Per-protocol analyses showed that 42% of the excess one-year risk occurred during the first three months after treatment initiation. By contrast, reductions in alcohol-associated pancreatitis accumulated mainly during months four through six, whereas reductions in hypertriglyceridemia-associated pancreatitis emerged primarily during months 10 through 12. This resulted in overall pancreatitis risk being modestly higher during the first 2 months after GLP-1RA initiation, after which the monthly risk was similar between groups.
A prespecified analysis of semaglutide, which accounted for 66.13% of GLP-1RA prescriptions in the cohort, recapitulated the class-level findings. Compared with sulfonylureas, semaglutide was associated with a higher risk of suspected drug-induced pancreatitis and lower risks of hypertriglyceridemia-associated and alcohol-induced pancreatitis, without increasing overall acute pancreatitis risk.
The study had several limitations. The cohort consisted primarily of older male US veterans, potentially limiting generalizability. Residual confounding is possible despite extensive adjustment for demographic, clinical, laboratory, medication, and health care utilization variables. Acute pancreatitis events that did not result in hospitalization or emergency department care may have been missed. In addition, suspected drug-induced pancreatitis remained a diagnosis of exclusion and could have been misclassified. The study also included only patients with T2D and did not evaluate outcomes by treatment indication.
Both Dr. Xie and Ziyad Al-Aly, MD, reported unpaid consulting relationships with Pfizer. Taeyoung Choi, MD, reported no competing interests.
Expert Insight
GI & Hepatology News invited corresponding author Ziyad Al-Aly, MD, chief of research and development at the VA Saint Louis Health Care System in Missouri, to elaborate on the study results.
Did any of the study findings stand out?
Dr. Al-Aly: We were surprised that GLP-1RAs lowered the risks of pancreatitis due to high triglycerides and alcohol. This is likely related to the effectiveness of GLP-1RAs in reducing triglycerides and curbing alcohol consumption. Even a modest effect on triglycerides still translated into a reduction in the risk of pancreatitis due to hypertriglyceridemia. The other surprise is that the reduced risk of alcohol- and triglyceride-induced pancreatitis was offset by an increased risk of suspected drug-induced pancreatitis.
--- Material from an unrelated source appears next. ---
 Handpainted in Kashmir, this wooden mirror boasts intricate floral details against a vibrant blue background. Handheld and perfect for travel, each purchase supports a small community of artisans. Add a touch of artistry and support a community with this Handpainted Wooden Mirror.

What are the practical implications of these findings for clinicians?
Dr. Al-Aly: Clinicians should counsel patients on the risk of drug-induced pancreatitis. In patients with high triglycerides or an alcohol use disorder, initiating GLP-1RAs may actually reduce the risk of pancreatitis due to these causes. We also noticed that the increased risk of suspected drug-induced pancreatitis tends to be front-loaded, meaning it manifests shortly in the first few weeks after initiation. The beneficial effects of lowering triglycerides and curbing alcohol consumption tend to occur later in the course of taking GLP-1RAs.
What are the next steps for research in this area?
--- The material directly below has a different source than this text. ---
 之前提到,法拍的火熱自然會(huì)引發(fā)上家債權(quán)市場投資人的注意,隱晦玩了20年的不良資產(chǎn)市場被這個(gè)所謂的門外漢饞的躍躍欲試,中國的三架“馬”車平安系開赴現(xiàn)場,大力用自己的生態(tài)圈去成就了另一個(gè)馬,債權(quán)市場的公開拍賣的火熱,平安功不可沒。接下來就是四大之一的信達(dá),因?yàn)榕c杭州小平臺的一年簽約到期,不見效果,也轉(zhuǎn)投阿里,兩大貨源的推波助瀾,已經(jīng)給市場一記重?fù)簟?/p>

Dr. Al-Aly: We need to understand who is at most risk of drug-induced pancreatitis. Are there predictors or characteristics that make some patients more or less susceptible to drug-induced pancreatitis? These could be useful in stratifying risk among individuals. Also, the field of GLP-1RAs is growing rapidly, and different GLP-1RAs will likely have different risks.
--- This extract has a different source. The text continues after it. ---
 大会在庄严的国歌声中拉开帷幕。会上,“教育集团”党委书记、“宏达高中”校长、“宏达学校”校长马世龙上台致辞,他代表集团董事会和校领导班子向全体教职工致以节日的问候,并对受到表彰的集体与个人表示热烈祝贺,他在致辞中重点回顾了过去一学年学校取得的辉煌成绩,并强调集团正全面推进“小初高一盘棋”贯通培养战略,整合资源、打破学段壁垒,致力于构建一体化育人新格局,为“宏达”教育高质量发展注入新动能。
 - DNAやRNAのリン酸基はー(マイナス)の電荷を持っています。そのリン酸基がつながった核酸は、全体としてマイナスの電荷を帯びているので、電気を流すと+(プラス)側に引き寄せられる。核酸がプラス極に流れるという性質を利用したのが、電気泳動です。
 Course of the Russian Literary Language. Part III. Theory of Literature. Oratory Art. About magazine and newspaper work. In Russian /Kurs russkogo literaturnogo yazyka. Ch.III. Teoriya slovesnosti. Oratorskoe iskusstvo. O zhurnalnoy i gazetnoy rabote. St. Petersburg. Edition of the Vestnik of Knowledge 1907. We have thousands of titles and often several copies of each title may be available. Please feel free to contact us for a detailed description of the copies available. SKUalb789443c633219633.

What else would you like clinicians to take away from this work?
Dr. Al-Aly: We know that GLP-1RAs have GI side effects, including acute pancreatitis. We are still learning about what these drugs do and don't do, their effectiveness, and risks. The main takeaway from our study is that pancreatitis has many causes. GLP-1RAs increase the risk of one cause of pancreatitis and reduce the risk of others. This is a humbling lesson — one drug can act in opposite directions on various causes of pancreatitis.